In the records below, reproduce exactly the lines from the one containing "Modestly graded example" through the one containing "中新社记者 陈楚红 摄", both included, and omit the pictures.
───── Data
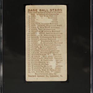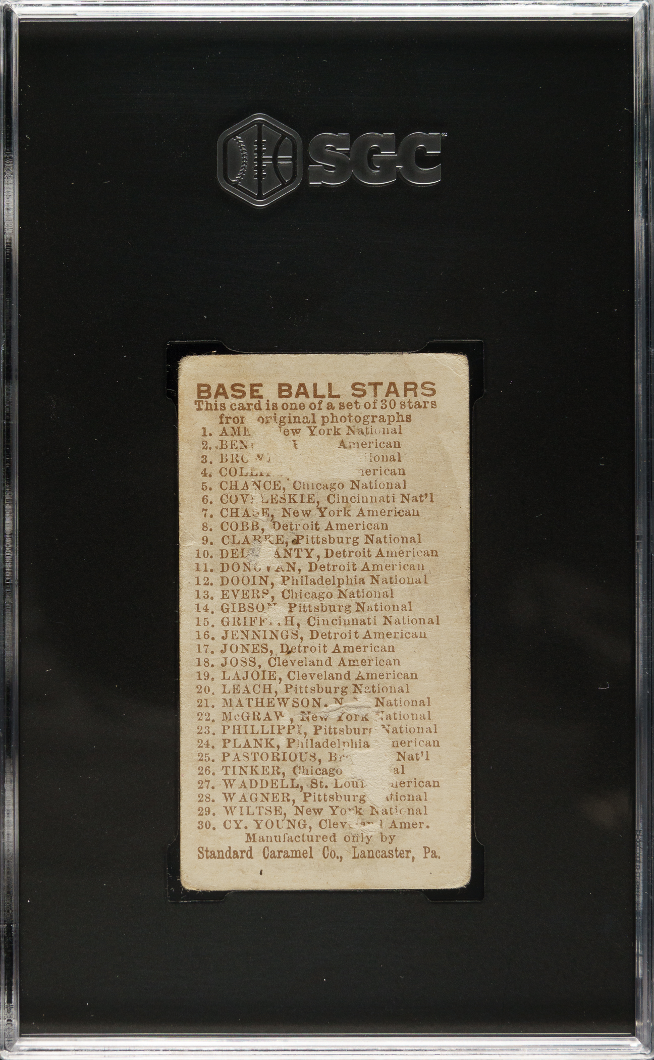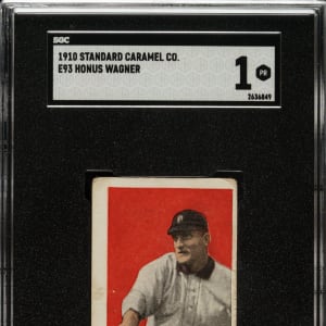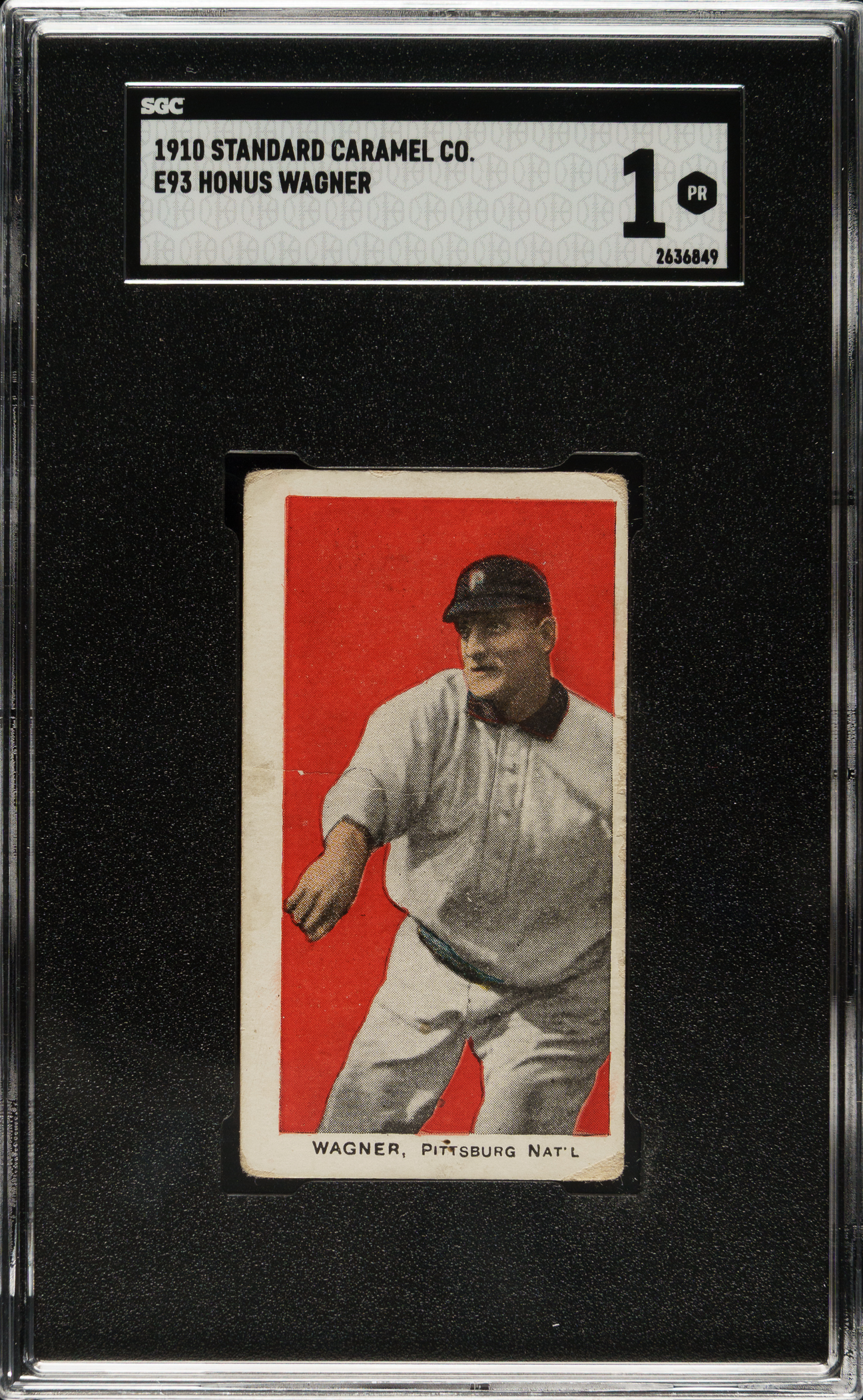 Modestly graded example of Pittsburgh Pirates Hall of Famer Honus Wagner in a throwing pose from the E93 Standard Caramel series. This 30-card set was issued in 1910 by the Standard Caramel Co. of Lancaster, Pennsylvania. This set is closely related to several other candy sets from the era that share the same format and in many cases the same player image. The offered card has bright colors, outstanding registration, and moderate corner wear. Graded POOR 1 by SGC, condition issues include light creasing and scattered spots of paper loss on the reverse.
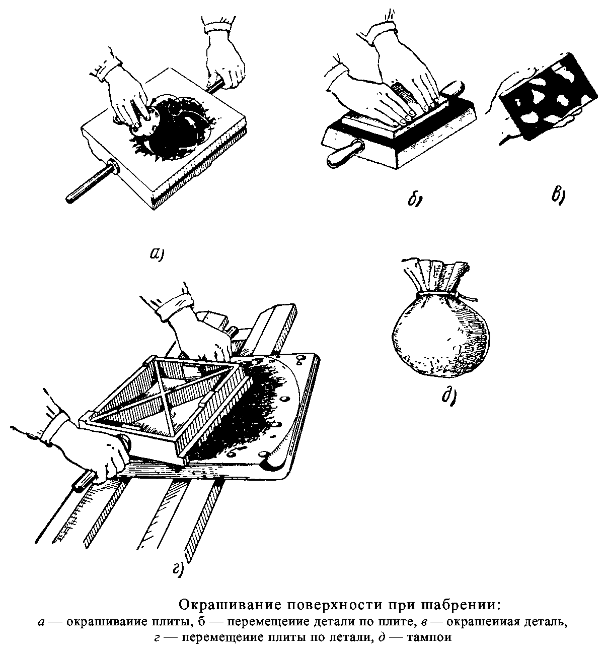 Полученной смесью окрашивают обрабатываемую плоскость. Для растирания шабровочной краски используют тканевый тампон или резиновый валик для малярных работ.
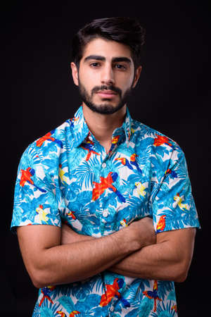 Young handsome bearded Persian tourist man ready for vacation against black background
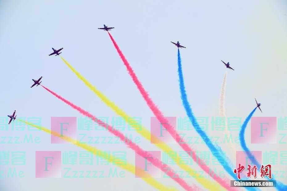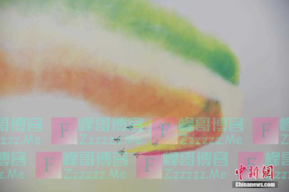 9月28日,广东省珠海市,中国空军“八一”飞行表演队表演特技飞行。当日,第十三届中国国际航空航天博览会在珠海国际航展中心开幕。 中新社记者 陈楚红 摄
──────────
───── Data
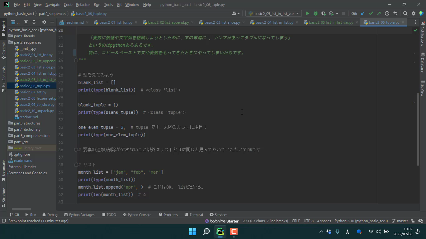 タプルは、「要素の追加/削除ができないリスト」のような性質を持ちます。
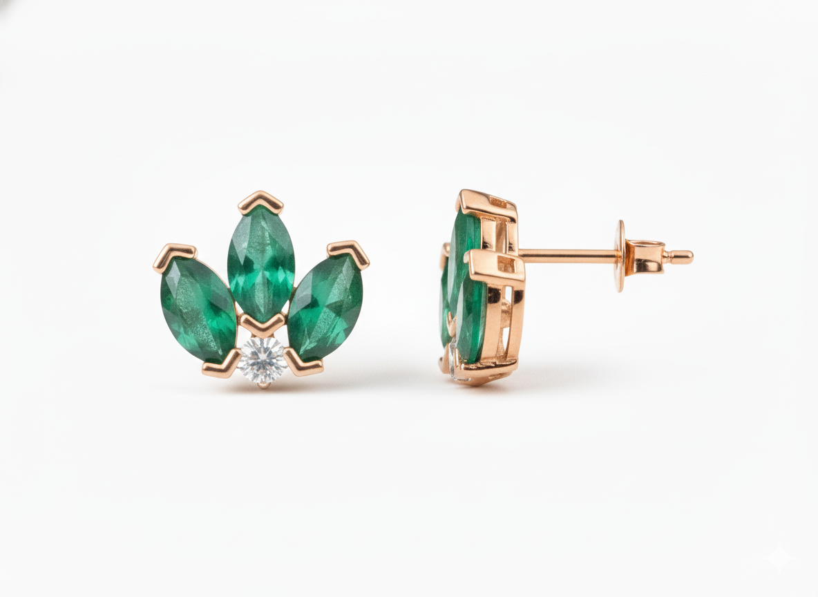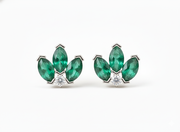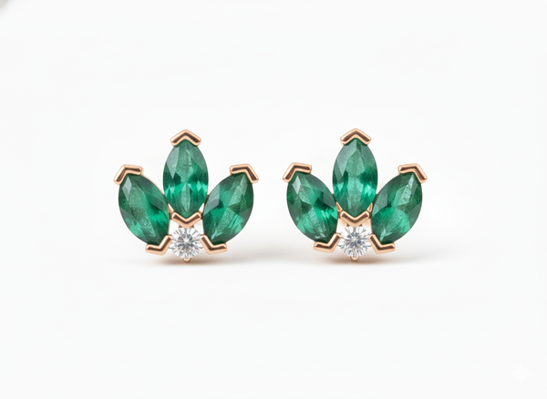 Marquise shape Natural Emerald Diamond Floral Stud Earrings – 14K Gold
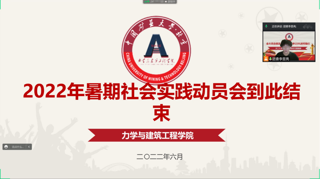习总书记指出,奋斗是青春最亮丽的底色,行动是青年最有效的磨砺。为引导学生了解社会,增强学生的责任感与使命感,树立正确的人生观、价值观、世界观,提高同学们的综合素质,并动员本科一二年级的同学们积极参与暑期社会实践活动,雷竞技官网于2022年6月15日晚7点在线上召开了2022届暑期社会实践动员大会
──────────
== Answer for the task ==
 Modestly graded example of Pittsburgh Pirates Hall of Famer Honus Wagner in a throwing pose from the E93 Standard Caramel series. This 30-card set was issued in 1910 by the Standard Caramel Co. of Lancaster, Pennsylvania. This set is closely related to several other candy sets from the era that share the same format and in many cases the same player image. The offered card has bright colors, outstanding registration, and moderate corner wear. Graded POOR 1 by SGC, condition issues include light creasing and scattered spots of paper loss on the reverse.
 Полученной смесью окрашивают обрабатываемую плоскость. Для растирания шабровочной краски используют тканевый тампон или резиновый валик для малярных работ.
 Young handsome bearded Persian tourist man ready for vacation against black background
 9月28日,广东省珠海市,中国空军“八一”飞行表演队表演特技飞行。当日,第十三届中国国际航空航天博览会在珠海国际航展中心开幕。 中新社记者 陈楚红 摄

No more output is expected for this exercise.